Hyssna IF
- Full name: Hyssna Idrottsförening
- Founded: 1948
- Ground: Ekäng Hyssna Sweden
- Chairman: Mats Börjesson
- League: Division 4 Västergötland Södra
| Home colours | Away colours |

= Hyssna IF =

Swedish football club

Hyssna IF is a Swedish football club located in Hyssna.

==Background==
Hyssna IF currently plays in Division 4 Västergötland Södra which is the sixth tier of Swedish football. They play their home matches at the Ekäng in Hyssna.

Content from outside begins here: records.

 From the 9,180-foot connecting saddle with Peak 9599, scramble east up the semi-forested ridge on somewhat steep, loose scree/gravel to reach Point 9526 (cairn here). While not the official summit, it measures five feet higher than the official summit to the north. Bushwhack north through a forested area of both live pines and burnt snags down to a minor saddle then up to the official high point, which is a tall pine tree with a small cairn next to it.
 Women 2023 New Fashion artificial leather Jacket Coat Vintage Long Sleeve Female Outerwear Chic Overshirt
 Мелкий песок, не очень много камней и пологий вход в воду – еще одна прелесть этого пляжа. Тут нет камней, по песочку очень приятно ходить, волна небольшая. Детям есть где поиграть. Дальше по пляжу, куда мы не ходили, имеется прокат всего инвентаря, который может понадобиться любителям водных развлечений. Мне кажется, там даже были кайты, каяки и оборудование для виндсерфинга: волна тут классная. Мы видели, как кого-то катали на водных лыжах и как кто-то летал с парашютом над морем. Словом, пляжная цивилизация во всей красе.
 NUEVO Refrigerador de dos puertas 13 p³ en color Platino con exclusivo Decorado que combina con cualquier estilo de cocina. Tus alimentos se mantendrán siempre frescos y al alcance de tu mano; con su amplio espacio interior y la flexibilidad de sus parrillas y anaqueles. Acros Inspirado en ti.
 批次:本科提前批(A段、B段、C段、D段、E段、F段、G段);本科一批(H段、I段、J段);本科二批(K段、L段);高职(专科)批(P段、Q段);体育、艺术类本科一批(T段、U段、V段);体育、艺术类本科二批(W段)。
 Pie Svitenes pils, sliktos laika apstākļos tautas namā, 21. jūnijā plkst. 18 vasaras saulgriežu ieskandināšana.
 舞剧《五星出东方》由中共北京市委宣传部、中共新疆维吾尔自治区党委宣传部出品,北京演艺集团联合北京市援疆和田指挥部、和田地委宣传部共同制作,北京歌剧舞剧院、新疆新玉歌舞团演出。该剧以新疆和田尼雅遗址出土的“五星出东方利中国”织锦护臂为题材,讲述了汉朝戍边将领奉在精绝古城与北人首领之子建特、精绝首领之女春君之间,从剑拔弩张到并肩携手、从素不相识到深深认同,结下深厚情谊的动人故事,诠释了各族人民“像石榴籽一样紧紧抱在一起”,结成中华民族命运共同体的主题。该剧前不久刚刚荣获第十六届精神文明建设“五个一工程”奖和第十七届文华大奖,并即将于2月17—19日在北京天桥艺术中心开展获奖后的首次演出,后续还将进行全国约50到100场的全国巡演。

The club is affiliated to Västergötlands Fotbollförbund.

==Season to season==

| Season | Level | Division | Section | Position | Movements |
|---|---|---|---|---|---|
| 2006* | Tier 7 | Division 5 | Västergötland Södra | 4th |  |
| 2007 | Tier 7 | Division 5 | Västergötland Södra | 2nd | Promotion Playoffs |
| 2008 | Tier 7 | Division 5 | Västergötland Sydvästra | 5th |  |
| 2009 | Tier 7 | Division 5 | Västergötland Södra | 3rd |  |
| 2010 | Tier 7 | Division 5 | Västergötland Södra | 2nd | Promotion Playoffs – Promoted |
| 2011 | Tier 6 | Division 4 | Västergötland Södra |  |  |

- League restructuring in 2006 resulted in a new division being created at Tier 3 and subsequent divisions dropping a level.